1. 28
  1. 11

    Similar to Fibonacci, a piece of code that enlightened me was the simple PEG implementation, which is represented as a pair of mutually recursive procedures. I used to think of parsers as really difficult to understand, and hard to write. But the simplicity of PEG was an eye opener.

    def unify_key(key, text, at):
       if key not in grammar:
           return (True, at + len(key)) if text[at:].startswith(key) else (False, at)
       rules = grammar[key]
       for rule in rules:
           res, l = unify_rule(rule, text, at)
           if res: return (res, l)
       return (False, 0)
    
    def unify_rule(rule, text, at):
        for token in rule:
              result, at = unify_key(token, text, at)
              if not result: return (False, at)
        return (True, at)
    

    Given a grammar as below, we try to unify the input string with the starting key – here expr. If To unify a key with the given string (unify_key), we check if the key is in the grammar. If it was not, then it is a plain token match, and we do simple string match. If not, we get the production rules defined in the grammar corresponding to the key, and try each rule one by one using unify_rule. We return as soon as any rule succeeds. The unify_rule is also simple. It gets the parts of the rule, and tries to match them in sequence using unify_key. If any of these fails, then return failure.

    grammar = {
        'expr': [
            ['term', 'add_op', 'expr'],
            ['term']],
        'term': [
            ['fact', 'mul_op', 'term'],
            ['fact']],
        'fact': [
            ['digits'],
            ['(','expr',')']],
        'digits': [
            ['digit','digits'],
            ['digit']],
        'digit': [[str(i)] for i in list(range(10))],
        'add_op': [['+'], ['-']],
        'mul_op': [['*'], ['/']]
    }
    

    A driver

    import sys
    res, till = unify_key('expr', sys.argv[1], 0)
    assert(till == len(sys.argv[1]))
    print(res)
    

    Using it:

    $ python3 peg.py '1+10/(3+2)'
    True
    $ python3 peg.py '1+10/x(3+2)'
    Assertion failure
    

    While this implementation can have really bad performance due to back tracking, all one needs to do to make it linear is to decorate the procedures with @functools.lru_cache(maxsize=None), which memoizes the parsing, and makes parsing linear. While this does not implement the complete PEG syntax, it implements enough to be complete in terms of the grammars that can be represented (see Ford 2004 for details).

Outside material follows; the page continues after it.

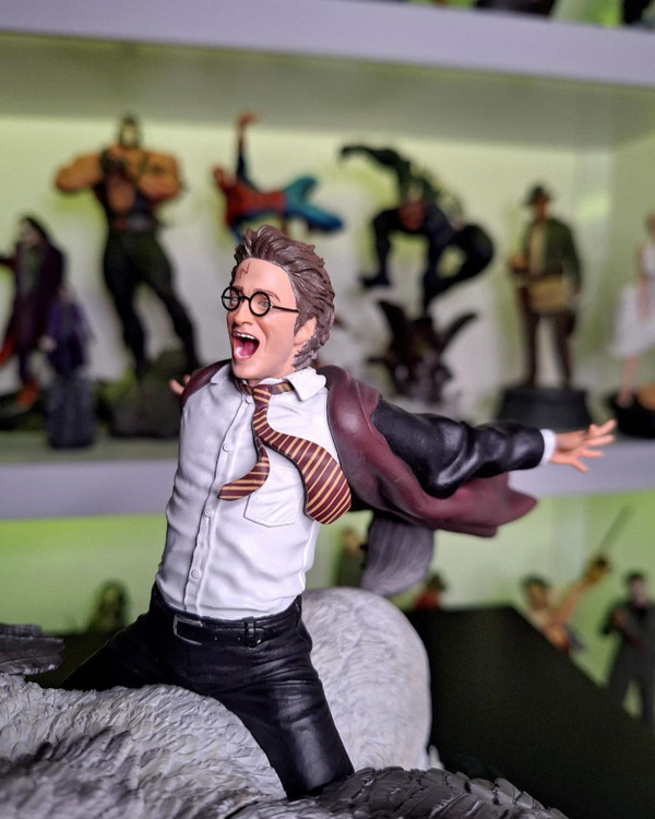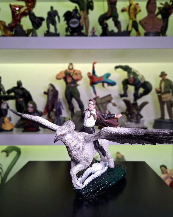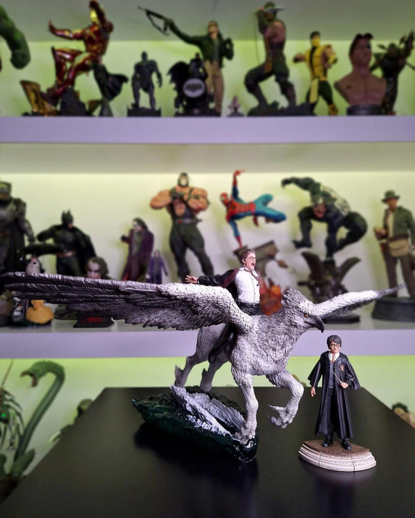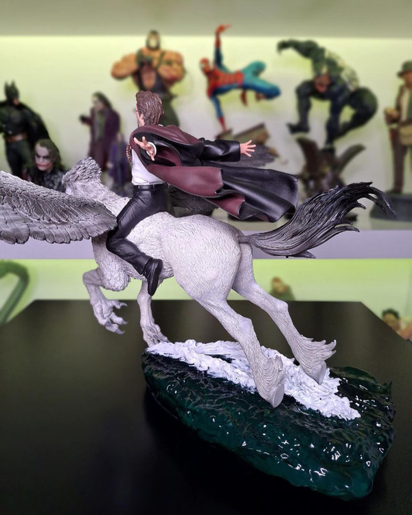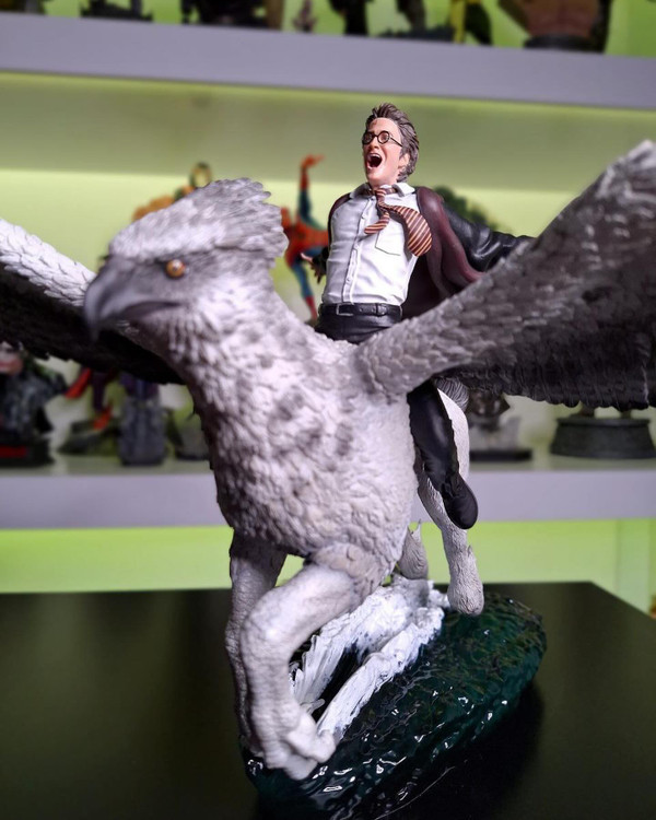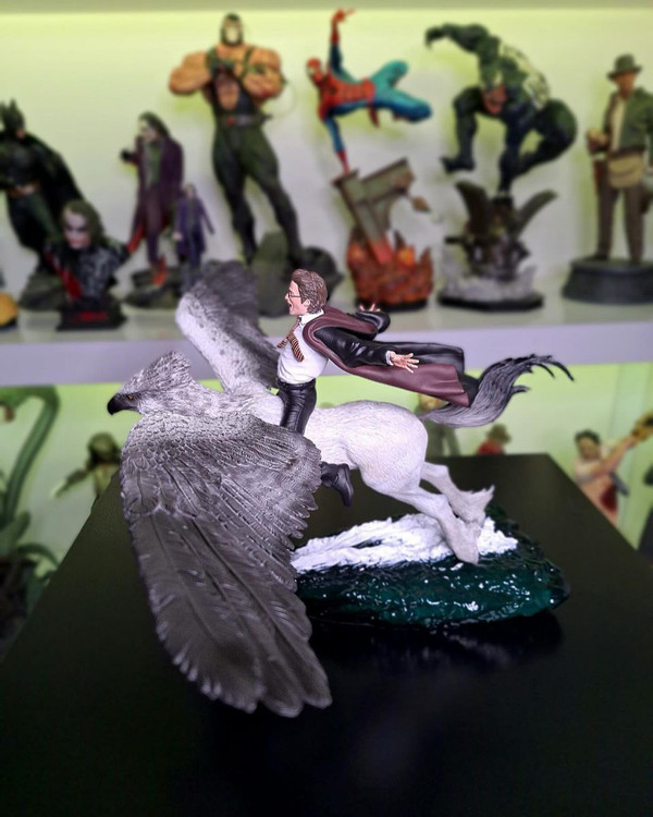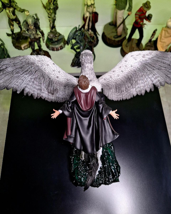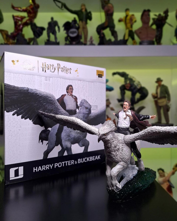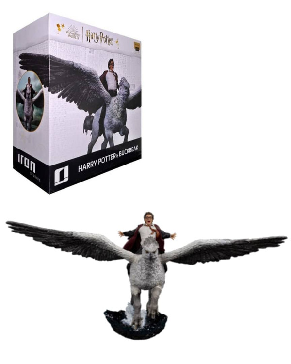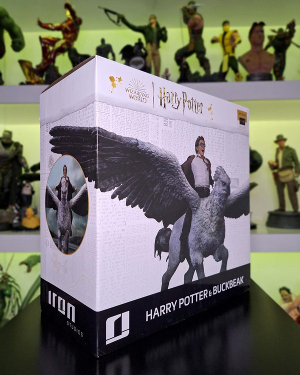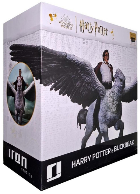 Buckbeak is a fantastic creature known as a hippogriff, with a gray tinge. Its back, legs, and paws are like those of a horse, and its head and its front are like a bird of prey. The fantastic creature even has long wings that allow it to fly. Enthusiastic and full of adrenaline provided by his first flight riding through the skies of Hogwarts, the young wizard Harry Potter screams and opens his arms when his new friend slides his right front paw across the waters of a lake in a sweeping maneuver. This iconic scene from the movie Harry Potter and the Prisoner of Azkaban is also proudly replicated by Iron Studios in this highly detailed, limited edition statue.

    Edit: Thanks @asrp for finding that the original had issues.

    1. 2

      Tried it with something like

      print unify_rule(['expr'], '1+10/(3+2)', 0)
      

      There seems to be quite a few typos in here

      -   if key not in grammar: return (text[at:].starts_with(key), len(rule))
      +   if key not in grammar: return (text[at:].startswith(key), len(key))
      
      -      if not result: return False
      +      if not result: return (False, 0)
      
      -  return (True, len)
      +  return (True, l)
      

      There must be more errors since it still only matches the first character of the expression.

      I found confusing for both rule names and string token to be encoded as strings. The same goes for concatenation and ordered choice to both be encoded lists.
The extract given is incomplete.